Elden Ring, Dark Souls, Bloodborne, and other FromSoftware titles are beloved for their penumbric narrative style, trademark grimdark settings, and their incredible sense of scale and opportunities for discovery. They are also infamous for being punishingly hard.

For some dedicated players, this last part is all that really matters. The difficulty, and their subsequent investment of time and energy into mastering the game’s melee combat system, is what makes FromSoftware’s games what they are. Many of those same players would tell you that this is just the way they play, and they don’t begrudge other players their different play styles or where they find satisfaction in the game. 

And then there are the other ones. The ones who would – and do – tell everyone whether they ask or not that unless you play as they do and reach their level of skill in lightning-quick parries, dodge rolls, and precisely executed combos, you aren’t legitimately playing. 

For some, Elden Ring’s various systems like summoning Ashes to help take down difficult encounters, spamming Comet Azur from a distance to melt away a dragon’s HP, or even bringing in multiplayer cooperators for boss fights is tantamount to breaking the game. If even those tactics are illegitimate, then “cheesing” is the true Cardinal Sin of Elden Ring.

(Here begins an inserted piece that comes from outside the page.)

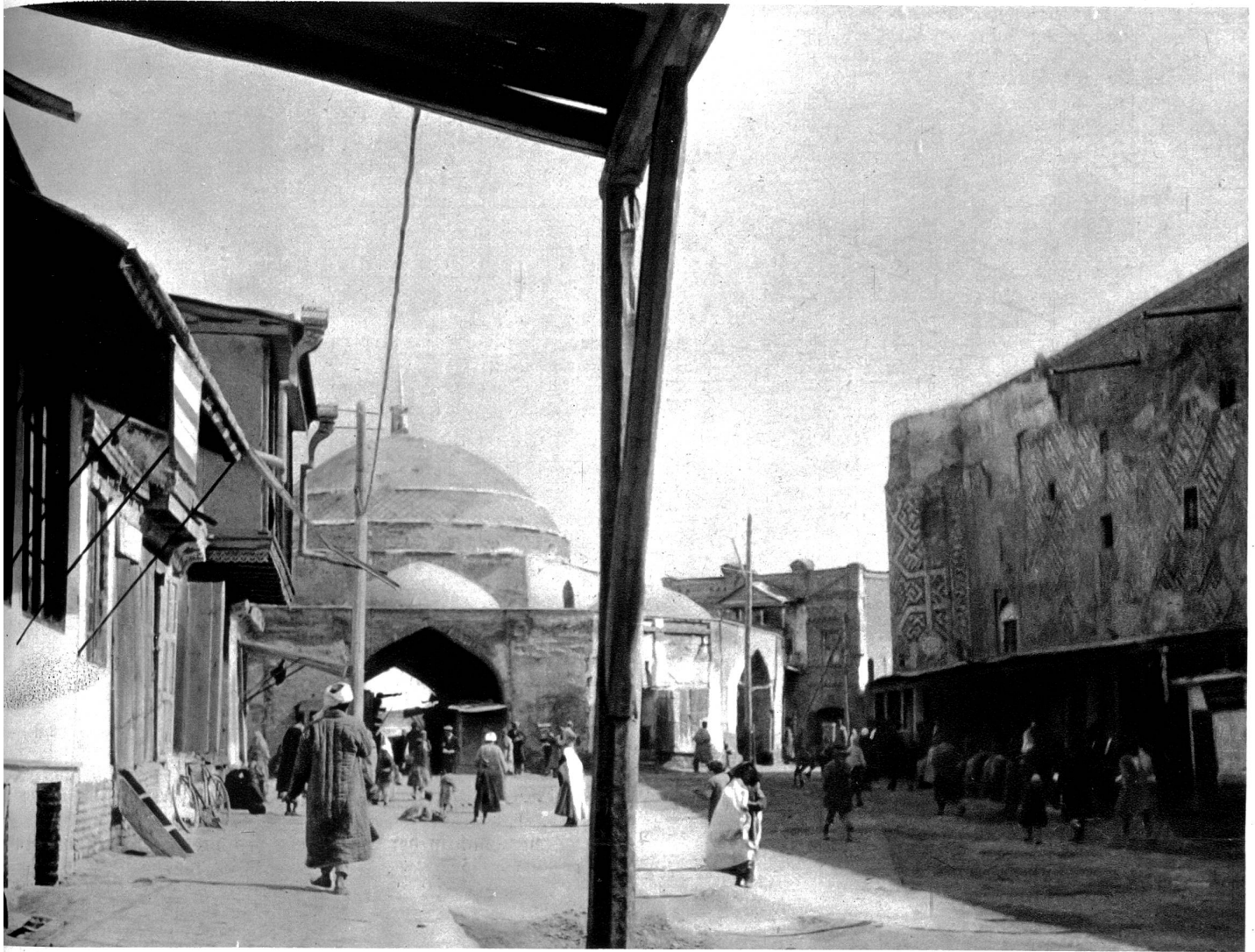
Im alten Samarkand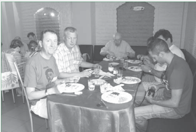
Ekscursis ne nur ni, sed ankaŭ beto, karoto, terpomo kaj porkaĵo ekscursis en nia stomako.

Cheesing, broadly, is using unconventional tactics to advance through the game that some argue is exploitative and violates the game’s spirit. If that grafted scion is too big to physically fit through a doorway and you stand on the other side, whittling down its health with arrows or Glintstone Shards while staying out of reach of its attacks, well then, you are little better than a cheater.

I’m here to tell you that not only are they wrong, but that cheesing your way to the Elden Throne is more true to the spirit of the Soulsborne genre than their precise dual-wield katana builds and dodging prowess could ever be.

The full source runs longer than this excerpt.